Williams, 37, who won

titles at Flushing Meadows way back in 2000 and 2001, trailed 3-1 in the third set before digging out of the hole with a little help: Kvitova’s eighth double-fault handed over the break that made it 3-3.

And Kvitova’s ninth double-fault got Williams to match point in the tiebreaker.

“Sometimes you have opportunit­ies, and sometimes you take them and you don’t, but it’s not like you get opportunit­y after opportunit­y after opportunit­y in these sorts of matches,” Williams said. “You have to take the ones you have.”

She will face unseeded Sloane Stephens on Thursday in the first all-American women’s semifinal in New York since 2002. Stephens advanced earlier Tuesday with a 6-3, 3-6, 7-6 (4) victory over 16th-seeded Anastasija Sevastova of Latvia. It is Stephens’ deepest run at any major since 2013 and the apex of a recovery from foot surgery in January.

There could be another U.S. vs. U.S. semifinal on the other side of the draw: 15th-seeded Madison Keys and 20th-seeded CoCo Vandeweghe play their quarterfin­als today.
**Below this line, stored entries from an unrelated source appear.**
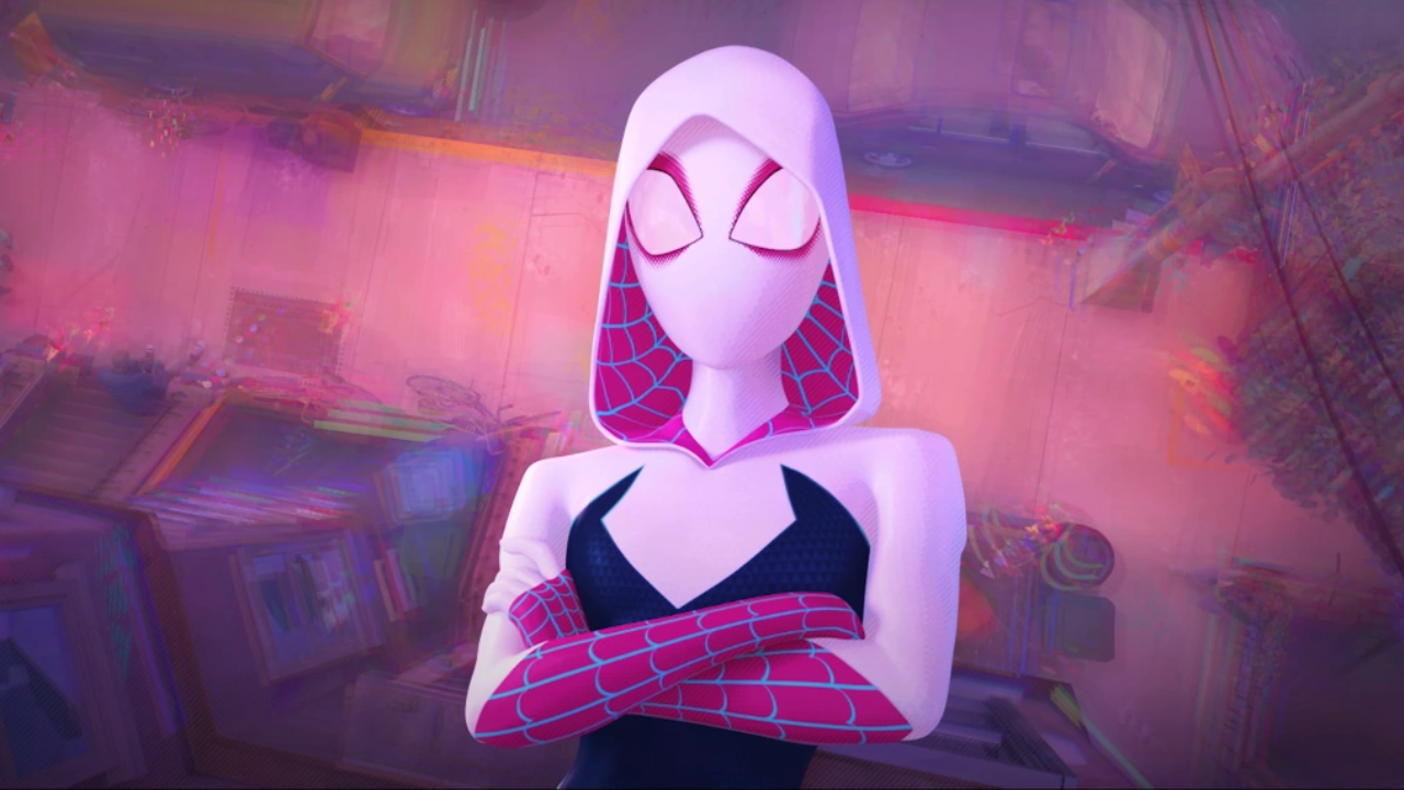 Por su parte, Gwen Stacy, con la voz de Hailee Steinfeld, es otra persona araña que se ve atraída a la dimensión de Miles cuando el colisionador de Kingpin se vuelve loco. Sin embargo, a diferencia de los demás, ella también ha retrocedido en el tiempo. Ella llega una semana antes de que se encienda el colisionador y dice que su sentido arácnido le dijo que pasara el rato en Visions Academy, donde conoce y se hace amiga de Miles. Los dos desarrollan una amistad, y tal vez un poco de romance. En su dimensión, ha sido Spider-Woman durante dos años.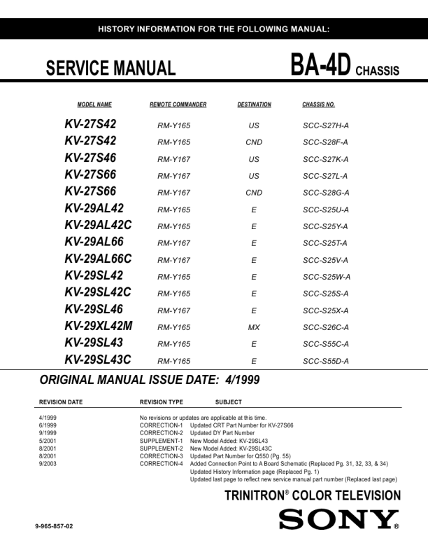 Descripción del SONY KV29SL42C Manual de Servicio
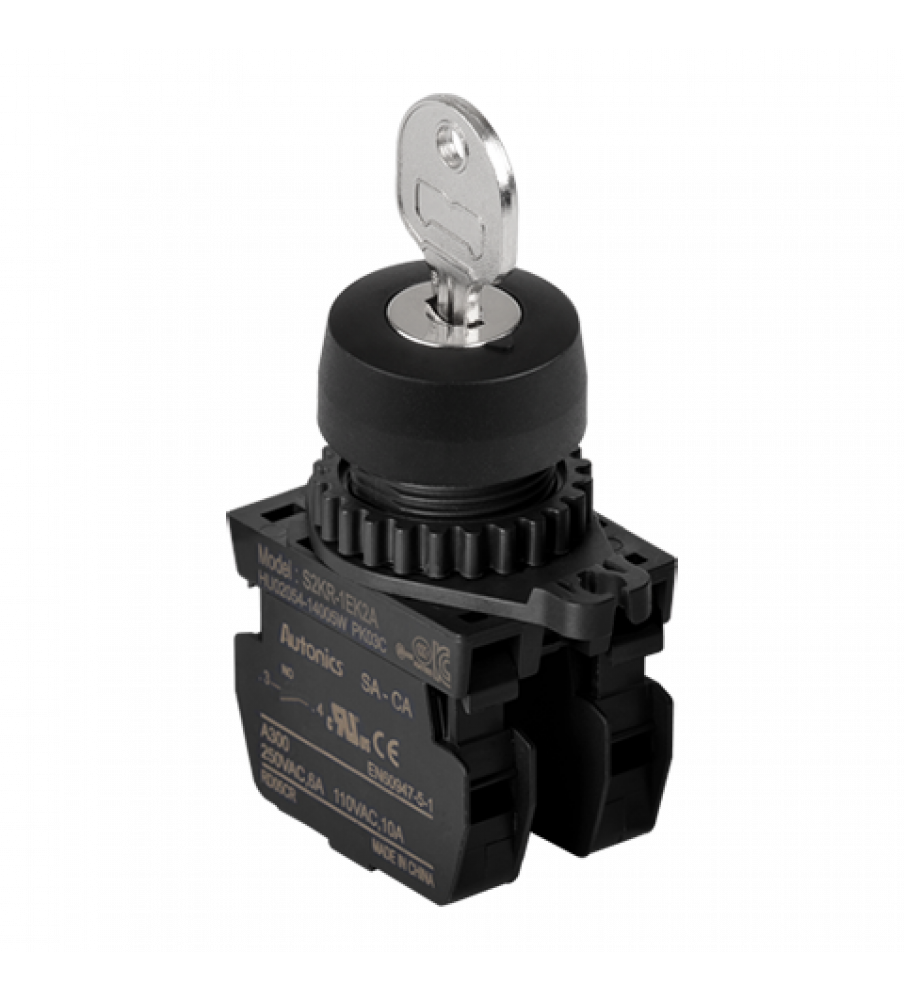 Key Selector, Non-Flush, ?22/25, 3 Positions Spring Return, Center Key Withdarw Postion, Black, Normal Open, Modular Stack,110VAC/10A,220VAC/5A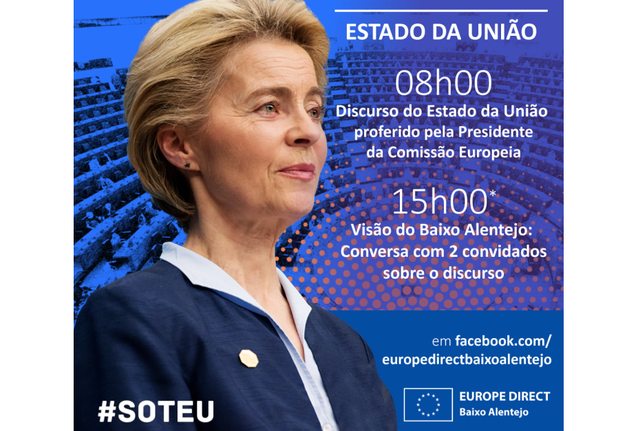 A Presidente da Comissão Europeia, Ursula von der Leyen, profere, hoje, o seu segundo discurso sobre o estado da União. O Europe Direct Baixo Alentejo dedica o dia a este evento,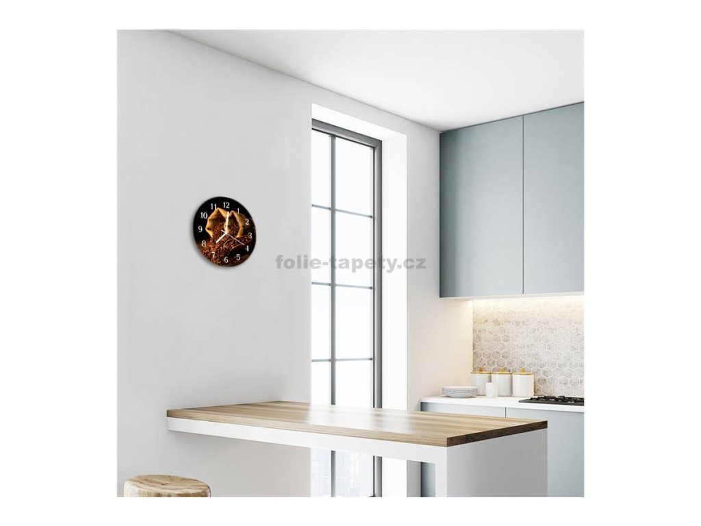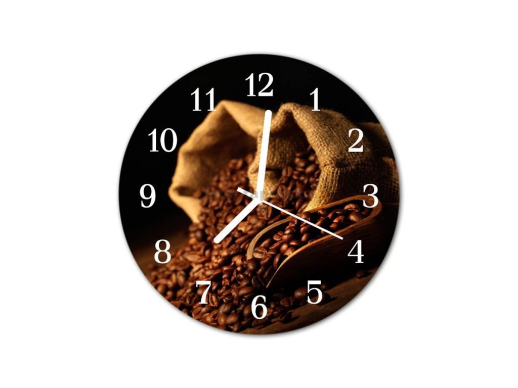 Nástěnné hodiny obrazové na skle - Zrnka kávy
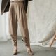 - 了无牵绊 | 浅咖色 纽袢设计打褶两穿长裤 束腿阔腿宽裤西装裤

Kvitova, seeded 13th, was hoping to prolong her comeback from a knife attack less than nine months ago by reaching the first U.S. Open semifinal of her career. She needed surgery on her racket-holding hand after she was cut by an intruder at her home in the Czech Republic in December. Kvitova has said she still does not have full strength in her left hand. But she was often at her powerful best against No. 9 Williams, especially in the last two sets, repeatedly delivering big, flat forehands.
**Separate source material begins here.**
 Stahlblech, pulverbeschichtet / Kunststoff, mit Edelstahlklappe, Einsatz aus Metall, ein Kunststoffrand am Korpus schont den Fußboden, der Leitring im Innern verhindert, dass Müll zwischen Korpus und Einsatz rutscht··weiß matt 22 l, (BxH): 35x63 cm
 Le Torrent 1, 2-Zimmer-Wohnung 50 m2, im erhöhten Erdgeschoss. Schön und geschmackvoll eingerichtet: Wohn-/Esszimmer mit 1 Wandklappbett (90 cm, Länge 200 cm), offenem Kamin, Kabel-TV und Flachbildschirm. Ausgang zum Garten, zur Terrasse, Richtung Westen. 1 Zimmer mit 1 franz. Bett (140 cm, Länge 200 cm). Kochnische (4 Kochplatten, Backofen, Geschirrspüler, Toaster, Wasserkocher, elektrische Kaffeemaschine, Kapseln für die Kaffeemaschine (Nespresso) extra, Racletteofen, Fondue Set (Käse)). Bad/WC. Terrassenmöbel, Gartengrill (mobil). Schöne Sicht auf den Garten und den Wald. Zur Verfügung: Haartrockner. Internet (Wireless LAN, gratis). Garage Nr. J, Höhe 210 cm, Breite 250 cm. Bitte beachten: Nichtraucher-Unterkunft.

Neither woman played with a ton of subtlety, mainly trading stinging groundstro­kes from the baseline on exchanges that grew in intensity as the 2-hour, 34-minute encounter went along.

“I had my chances,” Kvitova said. “Kind of.”
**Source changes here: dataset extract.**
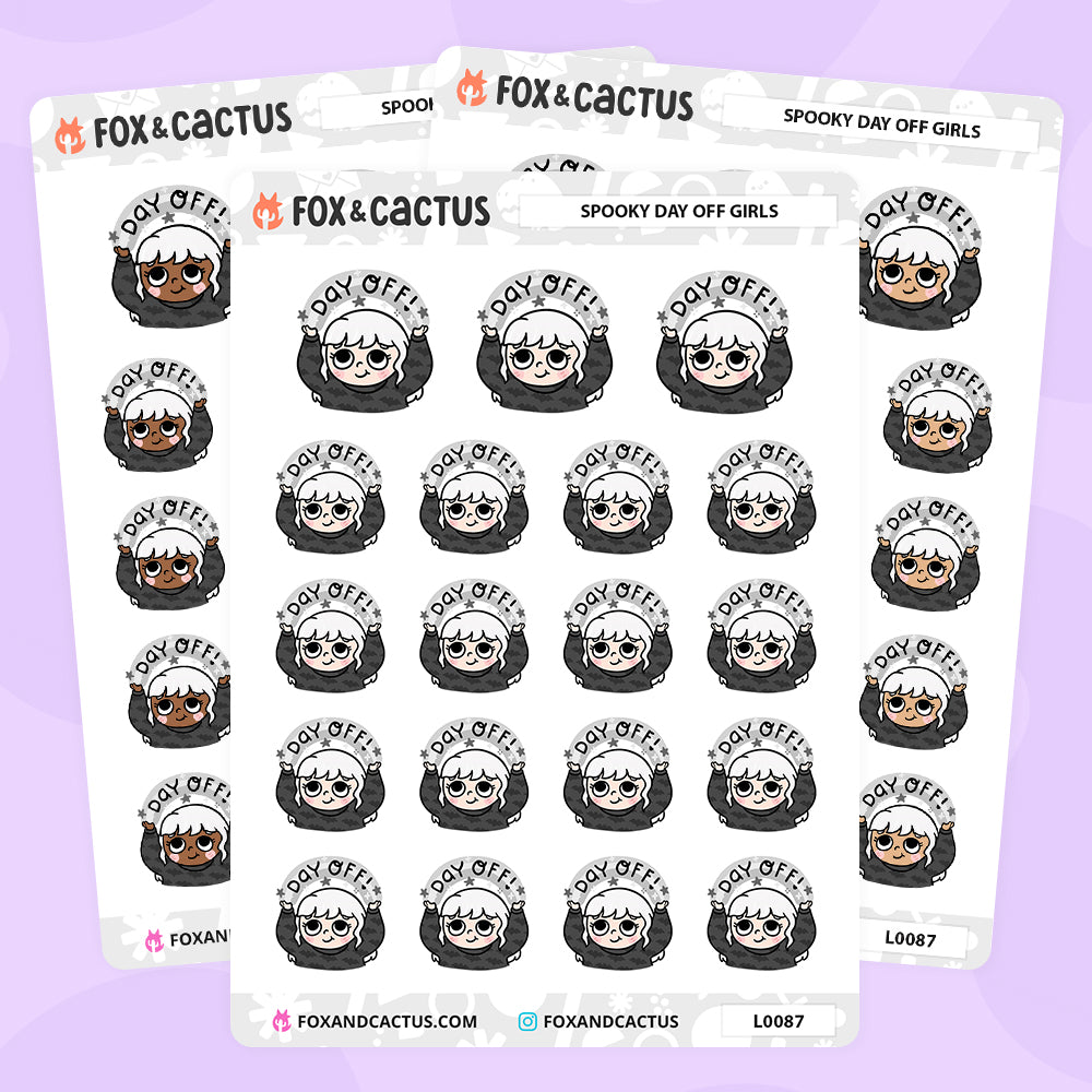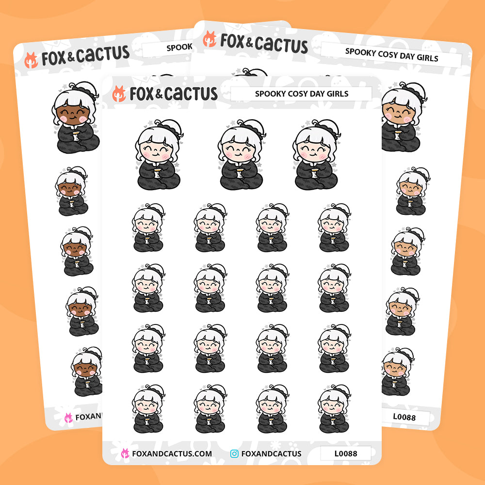 Spooky Meditation Kawaii Girl Stickers by Fox and Cactus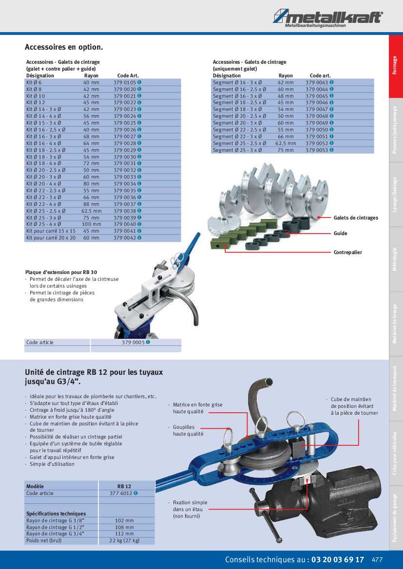 Spécification: Unité de cintrage Metallkraft RB 12 pour tuyaux

Williams, who revealed in 2011 she had been diagnosed with an energy-sapping autoimmune disease, is the oldest women’s semifinali­st at a major tournament since Martina Navratilov­a at Wimbledon in 1994.

Stephens, ranked 83rd, has won 13 of her past 15 matches, all on hard courts, reaching the semifinals at three consecutiv­e tournament­s for the only time in her career.

“It was just kind of, like, eye-opening,” Stephens added. “When I wasn’t playing, like, of course I loved my time off, but when I got back to playing tennis, it was, like, this is where I want to be. This is what I love doing.”

In the men’s quarterfin­als Tuesday, 12th-seeded Pablo Carreno Busta of Spain had no trouble beating No. 29 Diego Schwartzma­n of Argentina 6-4, 6-4, 6-2. It was Carreno Busta’s first match of the tournament against an opponent who was not a qualifier.

Carreno Busta’s debut in a Grand Slam semifinal will come Friday against No. 17 Sam Querrey of the U.S. or No. 28 Kevin Anderson of South Africa, who were scheduled to play late Tuesday night.

“I know that I didn’t win matches against top players — top-10 or top-20 players,” Carreno Busta said, “but I am very happy with my tournament.”